# EXERCISE DESCRIPTION:
Report, as a single figure, how many lines in the records below include "container".

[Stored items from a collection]
*-*-*

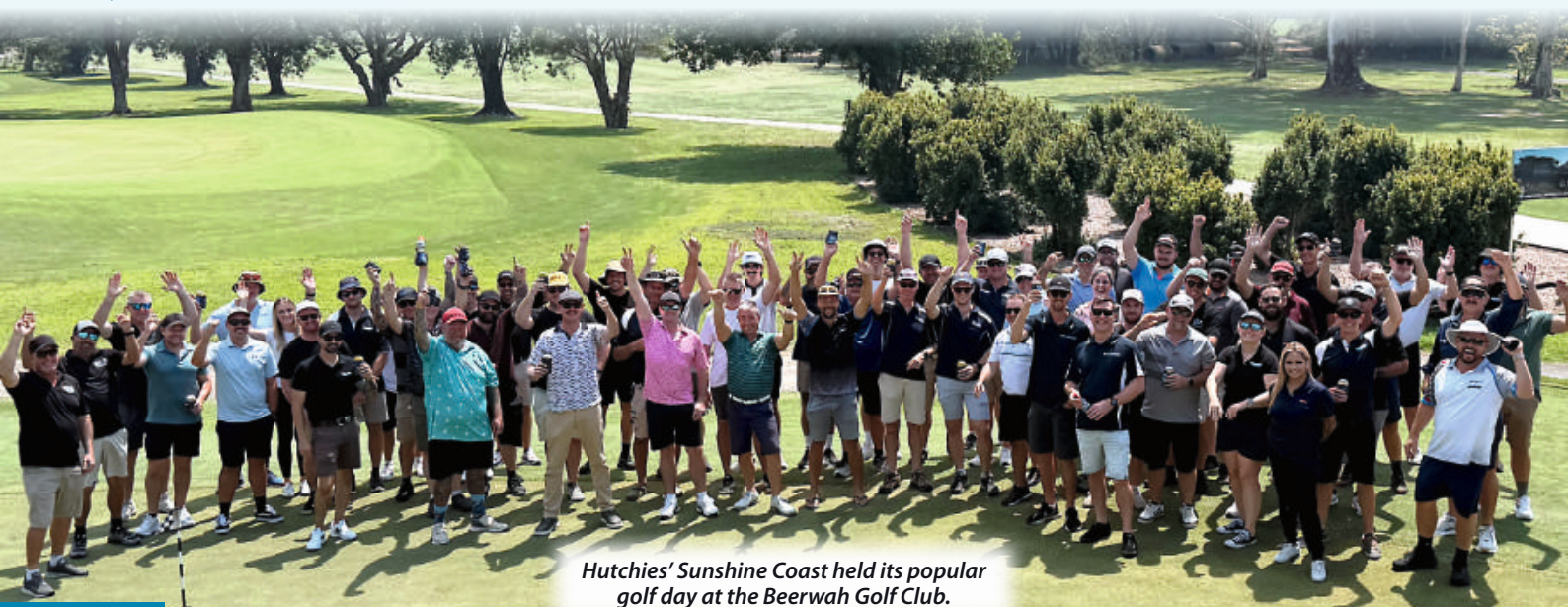
Hutchies' Sunshine Coast held its popular golf day at the Beerwah Golf Club.

The Sunny Coast has also launched its own Instagram page to help raise the profile of its regional office – showcasing what projects the local team has done, posting new jobs, outlining its community involvement, and reaching out to more local companies for pricing.
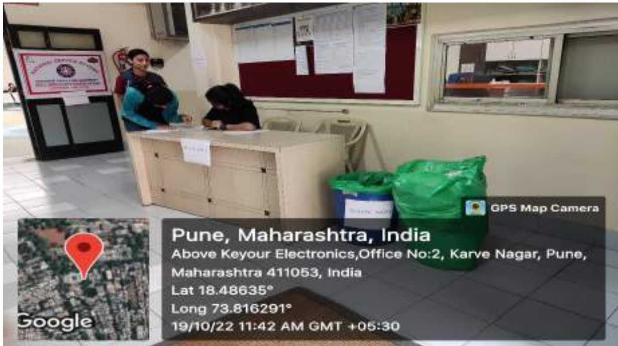
Plastic Collection Drive by MKSSSS'S Cummins College of Engineering, Pune
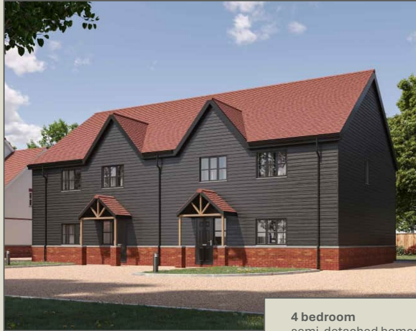
4 bedroom semi-detached homes with 2 parking spaces
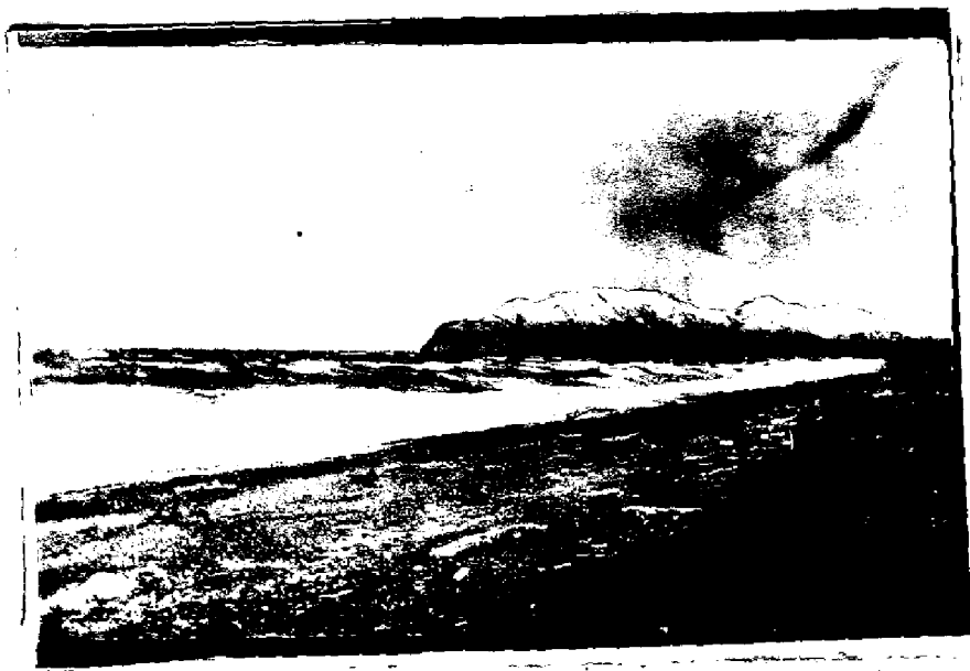
Cape Grant, looking north from the low hill back of signal "Mound".
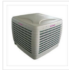
Tornado 20K Cool Industrial Hyper Duct
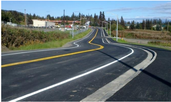
Waddell Way Improvements
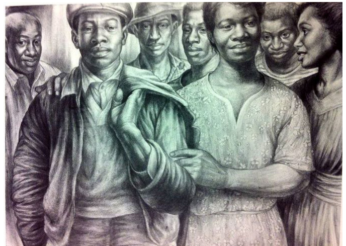
“Walk Together” by Charles White

Let’s contrast the words and message of “Amazing Grace” with another religious anthem, widely considered the Afro-American national anthem, “Lift Ev’ry Voice and Sing.” “Lift Ev’ry Voice and Sing” was written by James Weldon Johnson, a novelist and poet, a diplomat and teacher, and the first Black executive of the National Association for the Advancement of Colored People (NAACP) at the beginning of the twentieth century. This anthem which was set to music by his brother, J. Rosamond Johnson, calls on the Afro-American masses to “march on till victory is won.” While referring to the strength of the “faith” that the “dark past has taught us” and “hope that the present has brought us,” there is no call for forgiveness of the enemies of the people . There is no call for unity with them. The anthem is a clear call for unity of the Afro-American masses (Lift every voice) in the struggle for “Liberty.” It is a religious song that calls on the Afro-American people to stand “True to our God” but the God portrayed by Johnson, in contrast to that of Newton, is a God of the “rising sun of our new day” of liberty for those who have been oppressed.
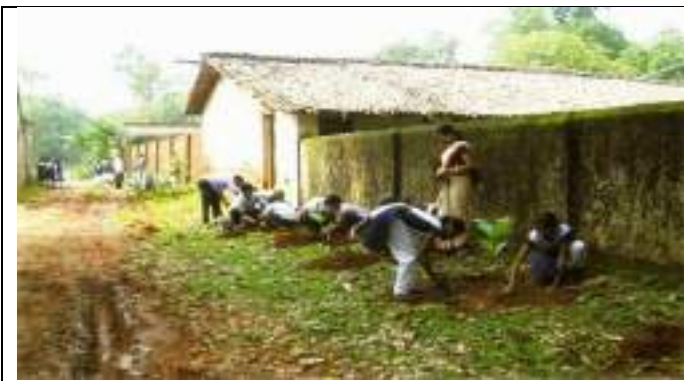
GOVT HIGH SCHOOL , JAGANATH PRASAD, ANDHARUA
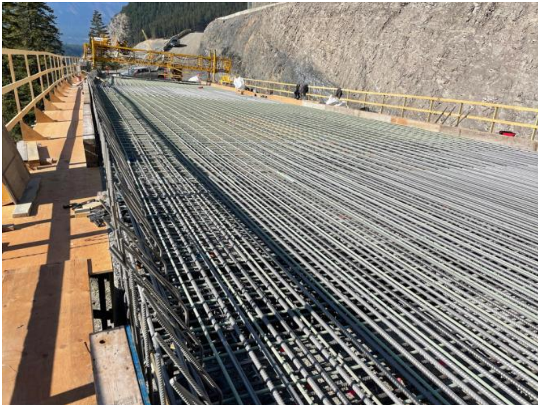
Figure 3: Wolf Viaduct – First 3 spans ready for deck pour – September 30, 2022
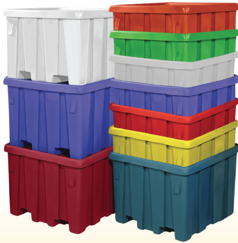
The P291 bulk forklift container handles products of all kinds and stacks covered, nests empty.
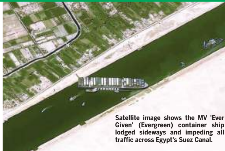
Satellite image shows the MV 'Ever Given' (Evergreen) container ship lodged sideways and impeding all traffic across Egypt's Suez Canal.

route, for example, is 6,000 kilometres (3,700 miles) and up to two weeks shorter than going around Africa. Nearly 19,000 ships passed through the canal last year
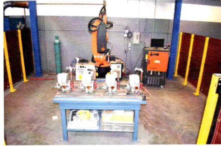
(2021) Kuka 6 Axis Robotic Welding Cell To Wit: Kuka Industrial Robotic Arm, Model KR16R1610-2/SEL

*-*-*

# ANSWER BOX:
2